→ WHAT TO WORK ON: Look below for the line with "فتقول سلام عليكم". Retype it and every line after it to the end, exactly, but leave out the pictures.

→ STORED DATA:
################

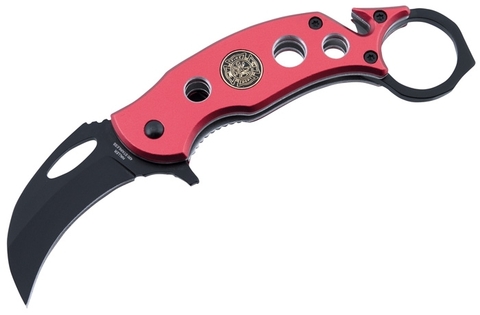 Spring assisted karambit pocket knife with a 420 stainless steel blade.
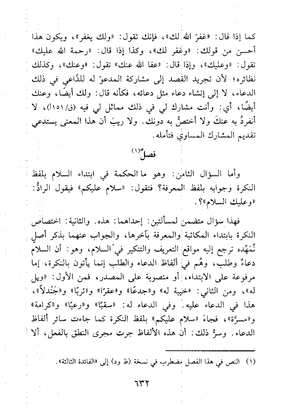 فتقول سلام عليكم فيقول الراد وعليك السلام فهذا سؤال يتضمن لمسألتين إحداهما هذه والثانية اختصاص النكرة بابتداء المكاتبة والمعرفة بآخرها والجواب عنها بذكر أصل نمهده ترجع إليه مواقع التعريف والتنكير في السلام
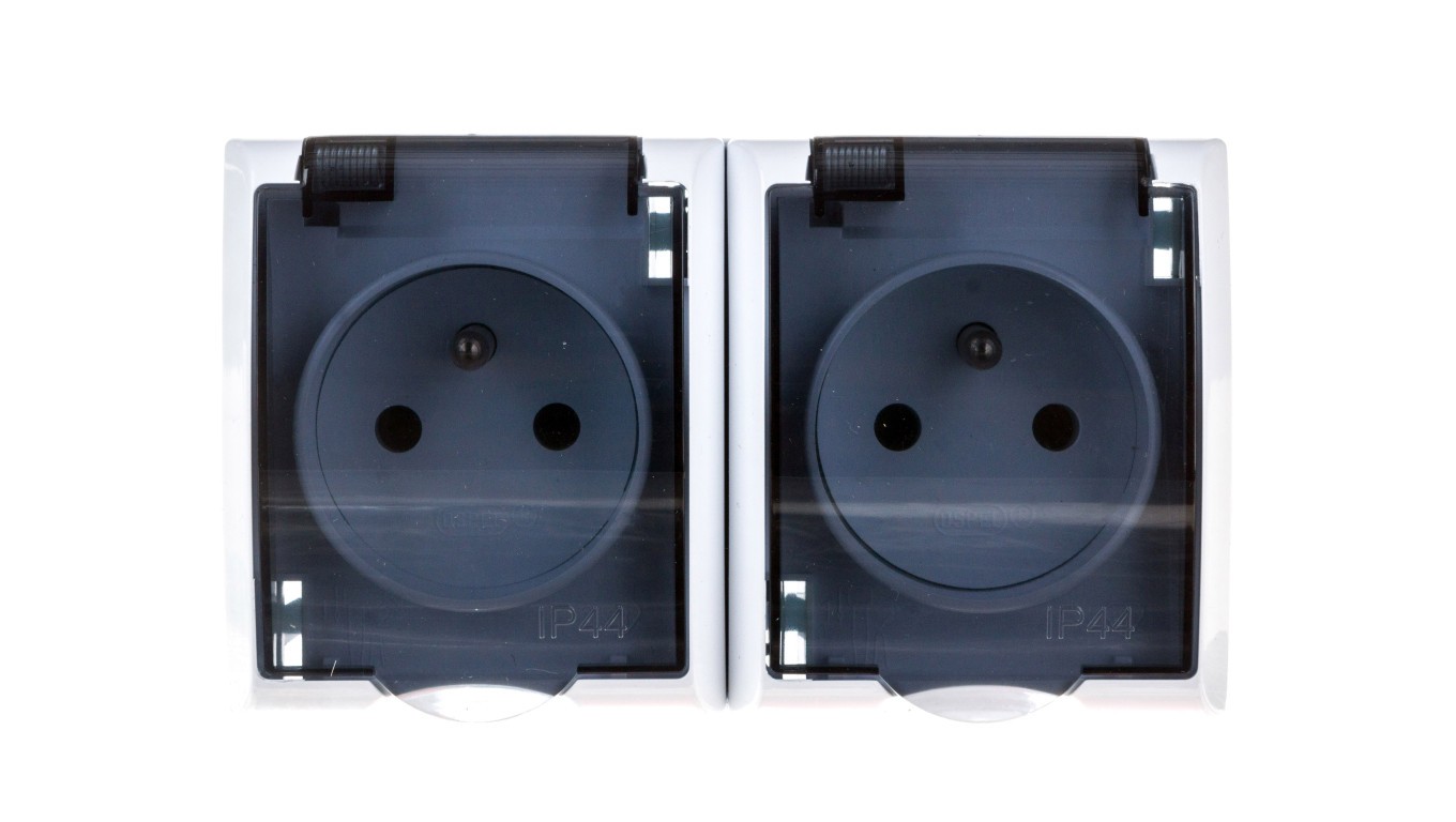FALA Gniazdo hermetyczne podwójne z/u IP44 klapka przezroczysta białe GNH-2HZ/00/d

################

→ ANSWER AREA:
 فتقول سلام عليكم فيقول الراد وعليك السلام فهذا سؤال يتضمن لمسألتين إحداهما هذه والثانية اختصاص النكرة بابتداء المكاتبة والمعرفة بآخرها والجواب عنها بذكر أصل نمهده ترجع إليه مواقع التعريف والتنكير في السلام
FALA Gniazdo hermetyczne podwójne z/u IP44 klapka przezroczysta białe GNH-2HZ/00/d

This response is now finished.